## TASK TO CARRY OUT
Leave out the pictures and output exactly the lines below from the one with "レオパードパシフィックボーン" down to the one with "Estilo e leveza", both of them included.

## DATA SUPPLIED
○ ○ ○ ○

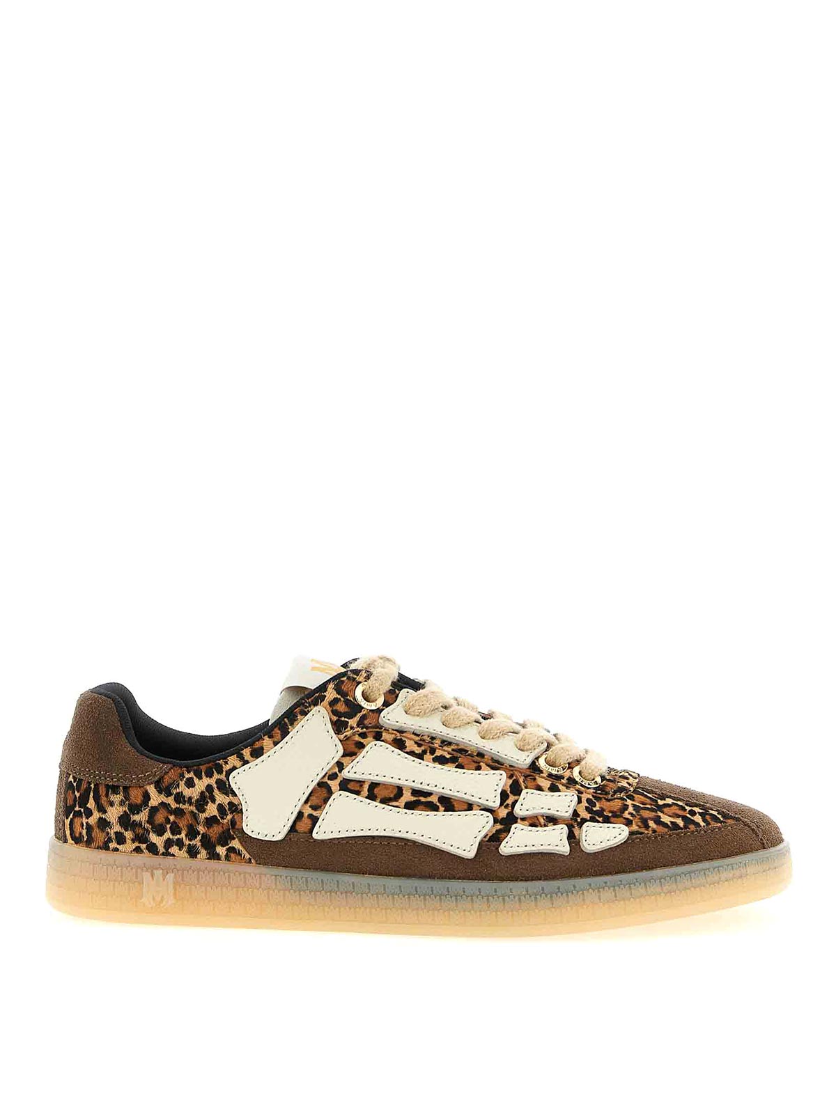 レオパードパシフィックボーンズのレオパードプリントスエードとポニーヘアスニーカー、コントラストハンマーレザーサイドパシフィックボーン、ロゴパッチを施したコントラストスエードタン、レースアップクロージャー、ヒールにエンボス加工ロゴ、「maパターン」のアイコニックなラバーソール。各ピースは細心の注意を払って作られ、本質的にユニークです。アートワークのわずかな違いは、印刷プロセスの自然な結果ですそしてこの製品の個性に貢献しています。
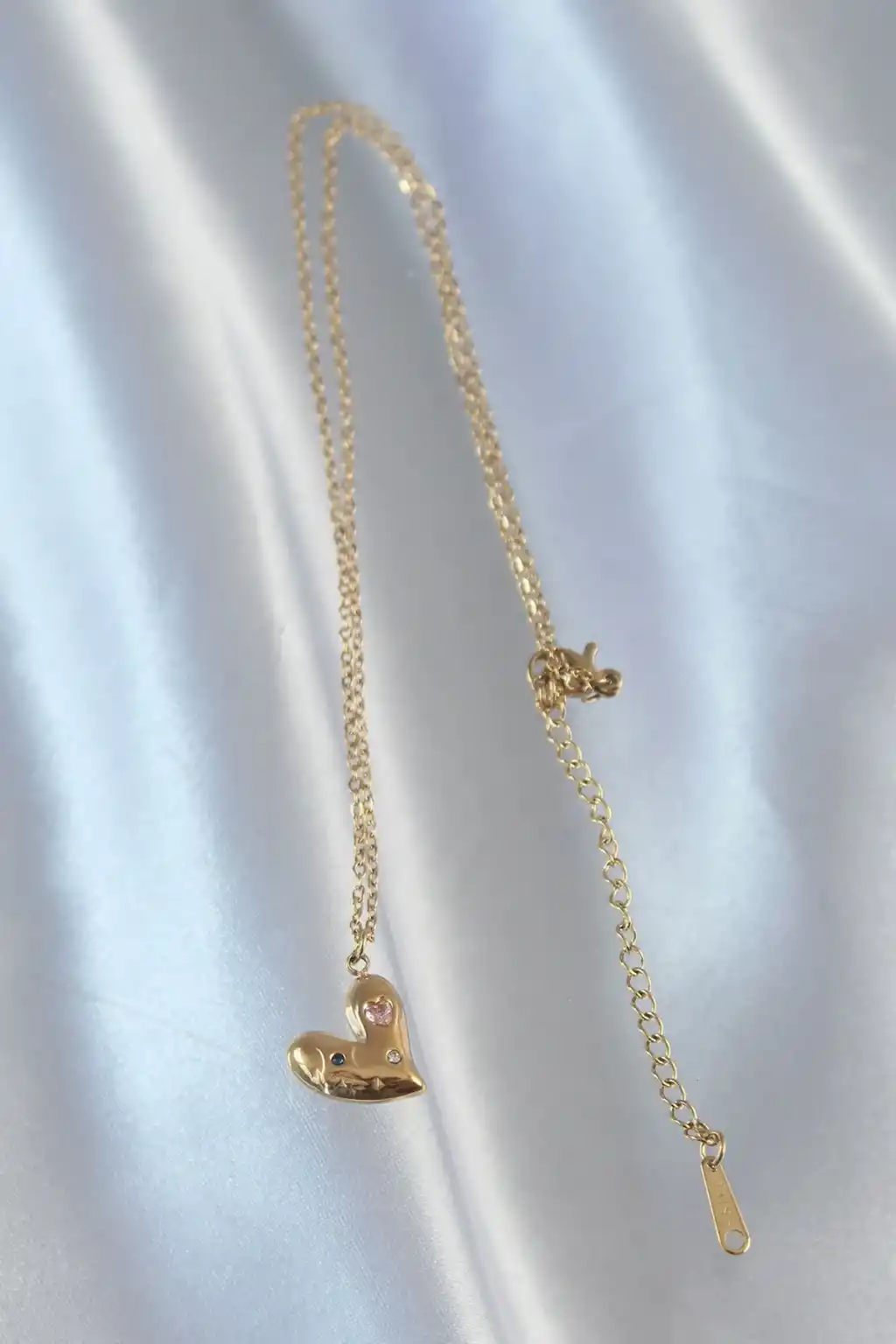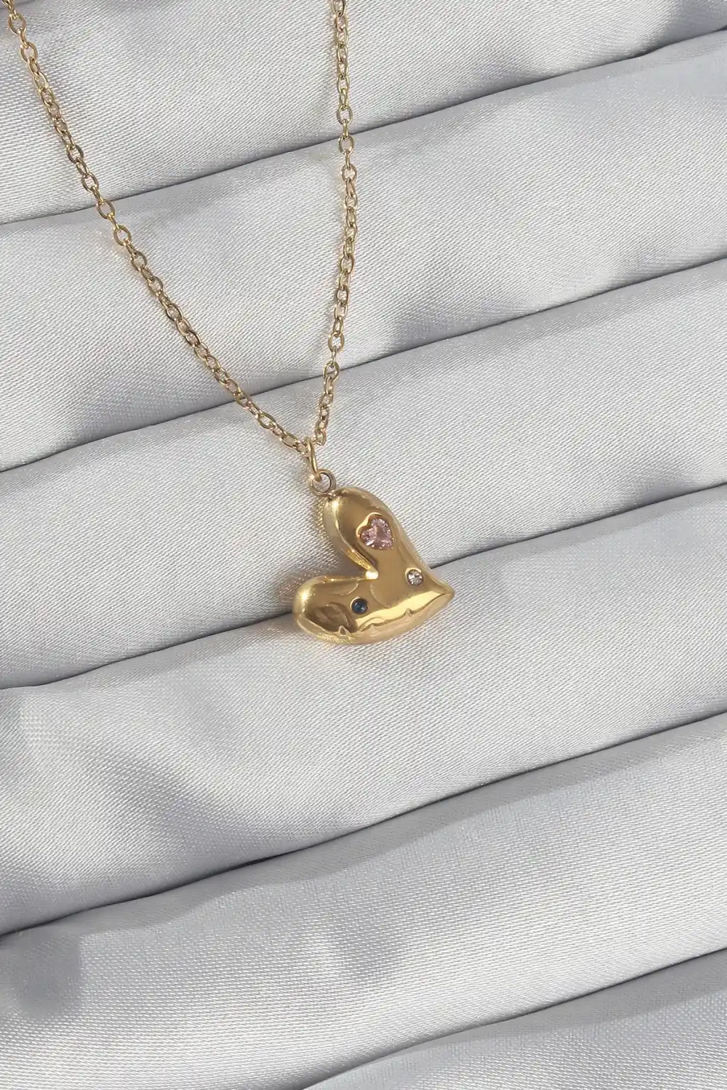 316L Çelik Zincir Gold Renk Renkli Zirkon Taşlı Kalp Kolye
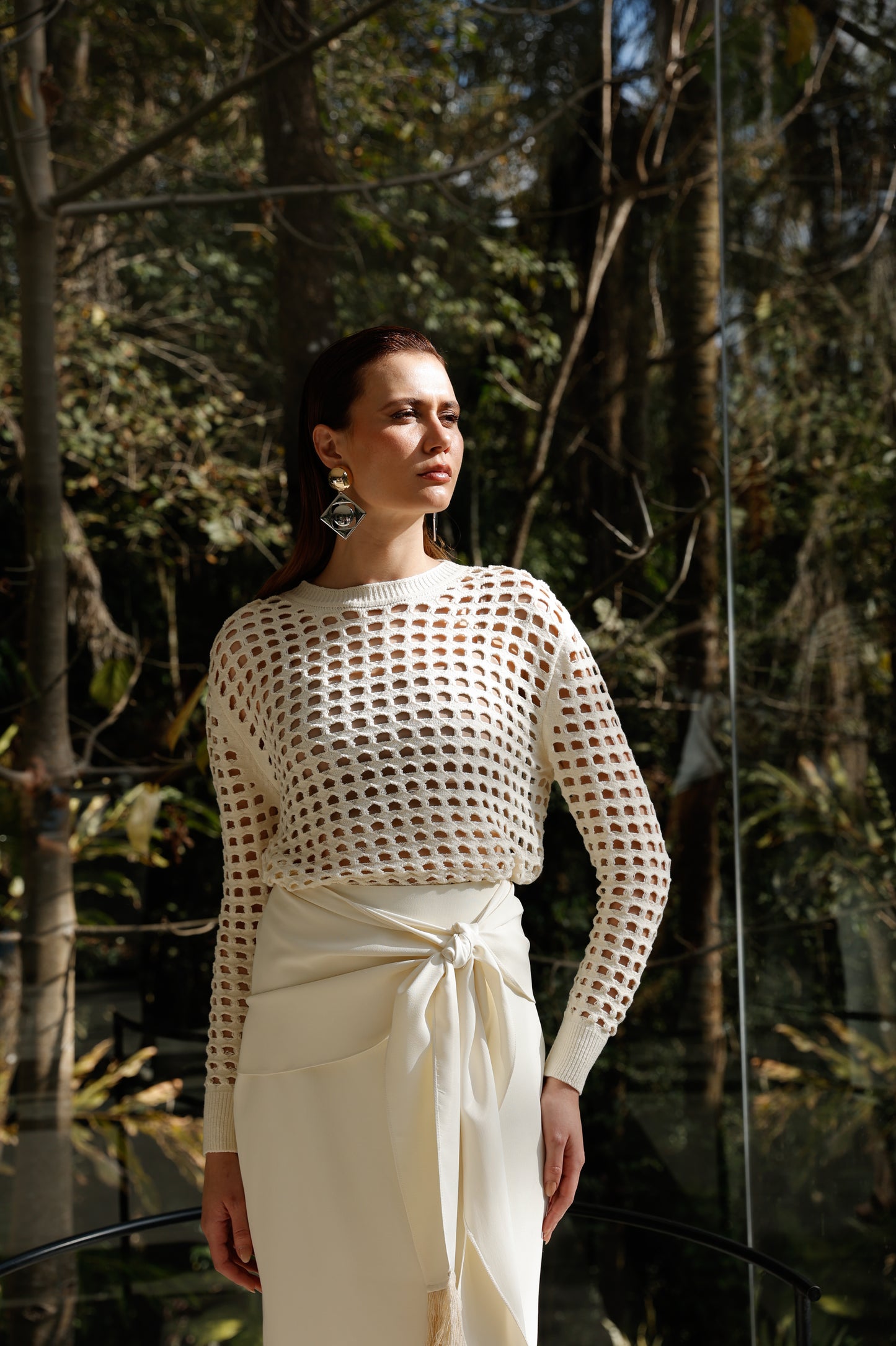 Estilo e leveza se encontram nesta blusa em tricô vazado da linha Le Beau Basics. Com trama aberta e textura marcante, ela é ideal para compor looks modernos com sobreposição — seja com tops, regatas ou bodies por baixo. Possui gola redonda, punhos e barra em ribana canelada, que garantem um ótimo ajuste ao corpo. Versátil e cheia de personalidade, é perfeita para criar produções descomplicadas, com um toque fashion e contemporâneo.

○ ○ ○ ○

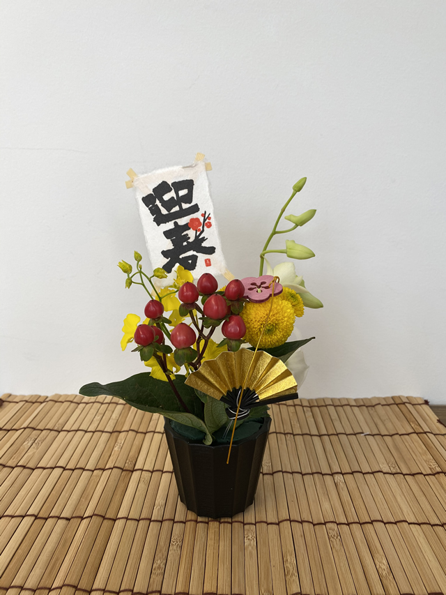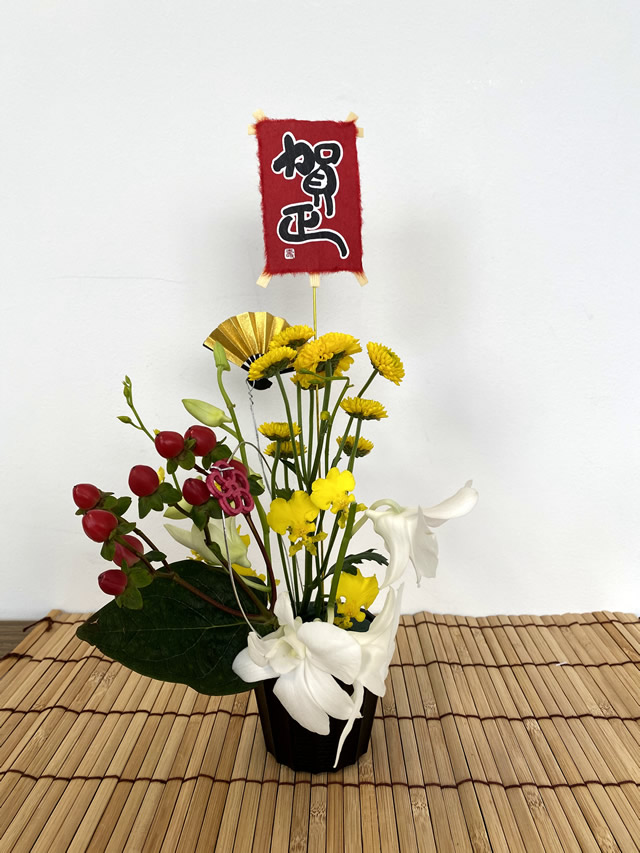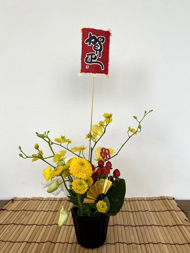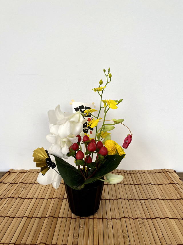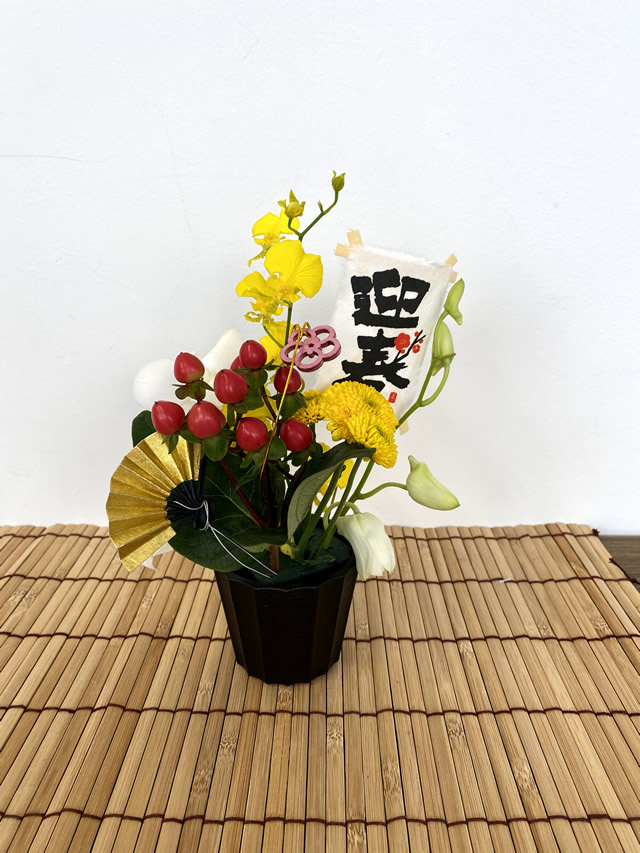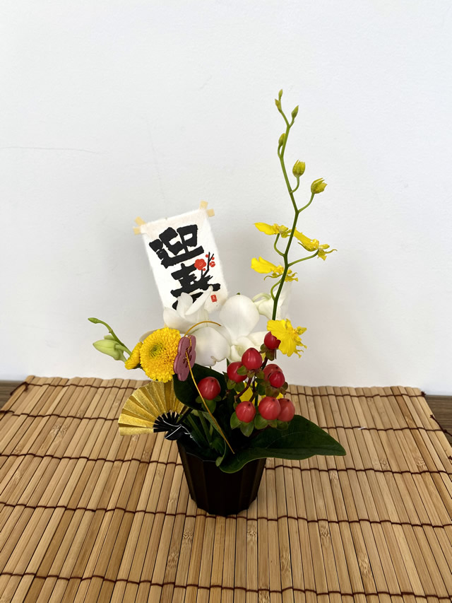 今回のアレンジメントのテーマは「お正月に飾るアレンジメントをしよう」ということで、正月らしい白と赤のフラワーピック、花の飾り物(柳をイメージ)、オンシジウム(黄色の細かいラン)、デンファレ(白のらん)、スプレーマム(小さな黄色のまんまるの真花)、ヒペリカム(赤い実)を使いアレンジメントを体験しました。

○ ○ ○ ○

## SOLUTION FOR THIS PROBLEM
 レオパードパシフィックボーンズのレオパードプリントスエードとポニーヘアスニーカー、コントラストハンマーレザーサイドパシフィックボーン、ロゴパッチを施したコントラストスエードタン、レースアップクロージャー、ヒールにエンボス加工ロゴ、「maパターン」のアイコニックなラバーソール。各ピースは細心の注意を払って作られ、本質的にユニークです。アートワークのわずかな違いは、印刷プロセスの自然な結果ですそしてこの製品の個性に貢献しています。
 316L Çelik Zincir Gold Renk Renkli Zirkon Taşlı Kalp Kolye
 Estilo e leveza se encontram nesta blusa em tricô vazado da linha Le Beau Basics. Com trama aberta e textura marcante, ela é ideal para compor looks modernos com sobreposição — seja com tops, regatas ou bodies por baixo. Possui gola redonda, punhos e barra em ribana canelada, que garantem um ótimo ajuste ao corpo. Versátil e cheia de personalidade, é perfeita para criar produções descomplicadas, com um toque fashion e contemporâneo.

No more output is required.